We, and all creation with us, were broken by the Fall. Christ established religion - the binding back together - on the Cross. He was the first and most religious man who ever lived, precisely because the Cross is the first thing that really ties back together what the Fall had broken in us. The Cross is the most concentrated religion there is.

The problem is precisely that we have gotten too used to religion to appreciate it. We tend to confuse it with ritual. But religion isn’t ritual, or rather, ritual is only part of religion.

The rituals of Hebrew worship were all meant to point to Christ and the Cross. All the Levitical sacrifices, all the prohibitions, everything was a way of foreshadowing something in the New Testament. All of that ritual was not, technically speaking, religious, because none of it had the power to bind back together. Like a batter who takes practice swings before he steps into the box, all the ritual of other Faiths are various ways of practicing for the fullness.

This is not to say that ritual is unnecessary. It is very necessary indeed. But it is necessary precisely because of the Cross – the ritual sacrifice which Passover signified.
Christ did not dispense with ritual, rather He began to emphasize how ritual was now fulfilled. The Passover meal became Eucharist, circumcision became the command to baptize. These are ritual activities, but now, because of Christ's religion, because He empowered them through the work of the Cross, they are ritual activities which actually heal, whereas before they were just empty works.
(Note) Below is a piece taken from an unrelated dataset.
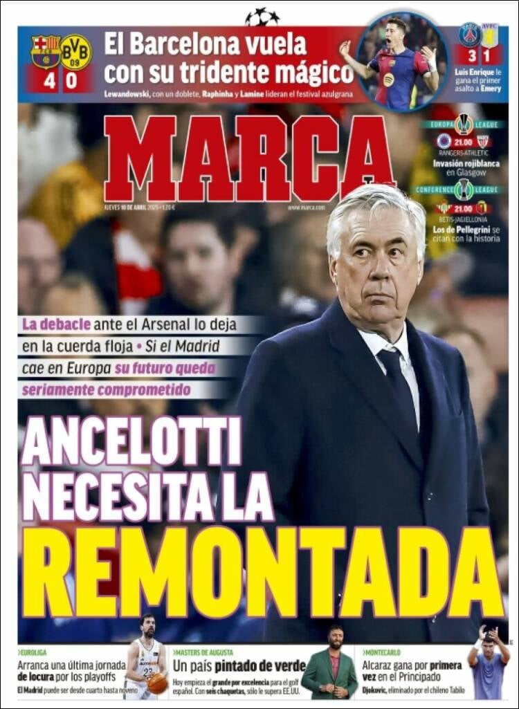 Las portadas deportivas de este jueves 10 de abril de 2025 vienen marcadas por los partidos de ida de los cuartos de final de la Champions League. La jornada europea nos está dejando muchas sorpresas, que copan todas las cabeceras de los principales diarios de nuestro país. El FC Barcelona da un importante golpe sobre la mesa en Montjuic, cosechando una nueva goleada en la máxima competición a nivel de clubes. Por su parte, el Real Madrid se aferra a la remontada en el Santiago Bernabéu; aunque Carlo Ancelotti está en el punto de mira. El Real Betis disputará uno de los duelos más importantes de su historia, donde se medirá al Jagiellonia.
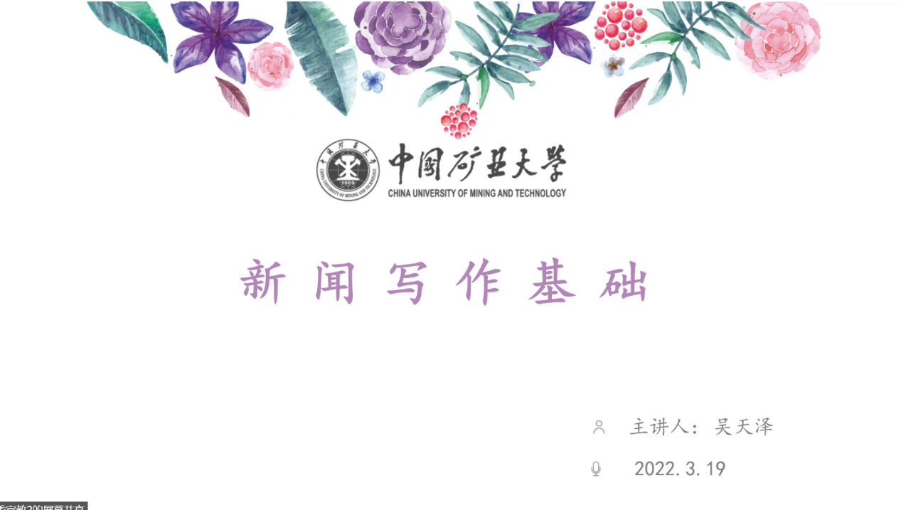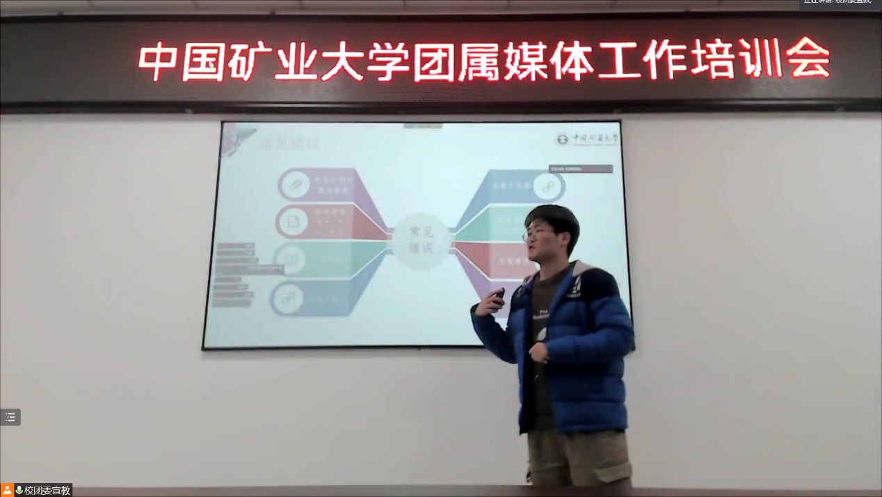 矿大青年融媒体中心新闻部主任吴天泽同学受邀作题为“新闻写作基础”的线上培训会。首先,吴天泽同学从什么是新闻、新闻怎么写、新闻稿撰写的常见错误及事例、如何写出好的新闻稿四个方面,结合自身经历为大家详细讲解了新闻写作的方法和技巧,让大家进一步明晰新闻的主要结构和文体特征。随后,吴天泽同学针对新闻具体类型逐一为大家进行讲解,强调了活动类、会议类等新闻主要类型的写作技巧和注意事项,并列举了以往新闻写作的典型错误,让大家在其中反省自己写作所发生的类似问题。最后,吴天泽同学说道:“新闻宣传无小事,三审三校要慎之又慎,作为媒体人,对待新闻一定要严谨、负责,能力决定下限,但态度决定上线,切记勤能补拙。”

Indeed, many of the empty works were no longer necessary because the fulfilled rituals did what the old works merely prophesied.

So, we no longer need circumcision because circumcision pointed to the tearing away of Christ’s flesh on the Cross, it pointed to the revelation the pagan soldier spoke as He saw the broken body, “Truly this is the Son of God!” Now baptism is the necessary thing, because it is burial with Christ and He commanded His apostles to keep and use this religiously-empowered ritual. Paul tells us the same thing regarding Passover-now-Eucharist - the apostles received it from Christ, he received it from the apostles, he passes it on to Corinth and the rest of the communities, and the communities are to pass it on to their children and their children’s children.

Right Worship
God made us body-soul composites, so He gave us a way to worship Him in both body and soul: the soul worships through prayer and praise, the body through physical action which mirrors the soul's internal disposition. That's the point of having ritual - it allows us to worship God body and soul. Everyone understands this. Evangelicals and fundamentalists sway during prayer with their arms raised, or fall down, slain in the Spirit, etc. Everyone understands we need to worship with our bodies as well as our souls.

"Incorporation" means "to make bodily". Liturgy literally incorporates Scripture. It tells us how to bodily respond to the truths we hear in Scripture. All good liturgy is just a compilation of Scripture with appropriate body responses: kneeling, genuflecting, standing, etc.

So what must we do to be saved? We must respond to God with everything we know and everything we are. The more we know, the more nuanced and complex our response will be, because we will try more and more to reflect in our own bodies the infinity that is God, trying to wrap ourselves within Him as completely as we can. As any married couple can tell you, love is both very simple and very complex - both at once and neither first. So it is with loving God through Scripture and liturgy.

Religion finds its origin in Christ the Bridegroom because He is the only one Who can marry together what is broken. Ritual finds its origin in Christ because He demands we worship Him with our whole beings, body and soul. That is why liturgical ritual changes our relationships, as anyone who has been through a marriage ritual can attest: “With my body, I thee worship.”